**What this task involves**
In the records that follow, find the line containing "Первым делом необходимо" and the line containing "This proposed scheme", then transcribe both and every line between them exactly, omitting pictures.

**Records shown**
•••

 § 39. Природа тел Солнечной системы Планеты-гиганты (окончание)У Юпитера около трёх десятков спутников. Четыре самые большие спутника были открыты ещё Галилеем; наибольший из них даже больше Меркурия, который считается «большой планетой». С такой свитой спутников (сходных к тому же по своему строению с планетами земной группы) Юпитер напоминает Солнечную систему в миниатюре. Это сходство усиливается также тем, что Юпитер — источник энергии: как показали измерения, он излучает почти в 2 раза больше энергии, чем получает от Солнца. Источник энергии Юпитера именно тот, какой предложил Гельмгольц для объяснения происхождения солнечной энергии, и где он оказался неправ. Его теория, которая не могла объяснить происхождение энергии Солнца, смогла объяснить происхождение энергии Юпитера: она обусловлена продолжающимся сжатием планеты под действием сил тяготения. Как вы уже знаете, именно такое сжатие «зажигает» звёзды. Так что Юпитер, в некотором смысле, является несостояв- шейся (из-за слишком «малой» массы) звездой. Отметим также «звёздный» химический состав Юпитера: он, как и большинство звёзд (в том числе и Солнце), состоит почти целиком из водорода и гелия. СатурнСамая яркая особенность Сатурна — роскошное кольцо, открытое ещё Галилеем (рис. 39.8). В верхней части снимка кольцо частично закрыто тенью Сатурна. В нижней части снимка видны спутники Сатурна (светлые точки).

•••

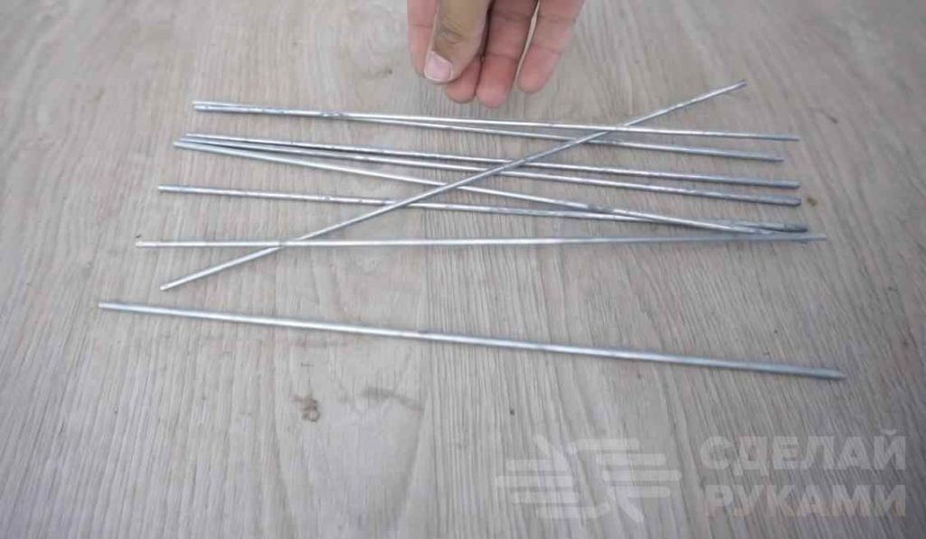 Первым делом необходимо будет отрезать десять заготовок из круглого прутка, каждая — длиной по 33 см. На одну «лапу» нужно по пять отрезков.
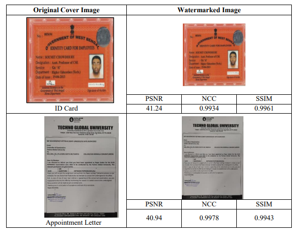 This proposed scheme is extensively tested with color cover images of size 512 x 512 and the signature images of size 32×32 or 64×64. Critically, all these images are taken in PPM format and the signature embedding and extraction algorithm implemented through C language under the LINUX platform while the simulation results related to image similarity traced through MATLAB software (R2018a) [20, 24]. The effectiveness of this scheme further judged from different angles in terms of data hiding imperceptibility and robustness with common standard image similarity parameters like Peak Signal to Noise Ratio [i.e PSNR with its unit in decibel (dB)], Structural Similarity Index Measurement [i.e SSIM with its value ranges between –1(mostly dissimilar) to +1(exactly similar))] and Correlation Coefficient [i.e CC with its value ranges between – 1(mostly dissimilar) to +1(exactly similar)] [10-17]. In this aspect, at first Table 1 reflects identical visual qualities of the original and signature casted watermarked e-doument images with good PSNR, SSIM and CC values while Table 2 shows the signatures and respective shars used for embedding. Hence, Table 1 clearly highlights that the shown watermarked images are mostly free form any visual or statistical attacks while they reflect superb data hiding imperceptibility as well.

•••

**Written response**
 Первым делом необходимо будет отрезать десять заготовок из круглого прутка, каждая — длиной по 33 см. На одну «лапу» нужно по пять отрезков.
 This proposed scheme is extensively tested with color cover images of size 512 x 512 and the signature images of size 32×32 or 64×64. Critically, all these images are taken in PPM format and the signature embedding and extraction algorithm implemented through C language under the LINUX platform while the simulation results related to image similarity traced through MATLAB software (R2018a) [20, 24]. The effectiveness of this scheme further judged from different angles in terms of data hiding imperceptibility and robustness with common standard image similarity parameters like Peak Signal to Noise Ratio [i.e PSNR with its unit in decibel (dB)], Structural Similarity Index Measurement [i.e SSIM with its value ranges between –1(mostly dissimilar) to +1(exactly similar))] and Correlation Coefficient [i.e CC with its value ranges between – 1(mostly dissimilar) to +1(exactly similar)] [10-17]. In this aspect, at first Table 1 reflects identical visual qualities of the original and signature casted watermarked e-doument images with good PSNR, SSIM and CC values while Table 2 shows the signatures and respective shars used for embedding. Hence, Table 1 clearly highlights that the shown watermarked images are mostly free form any visual or statistical attacks while they reflect superb data hiding imperceptibility as well.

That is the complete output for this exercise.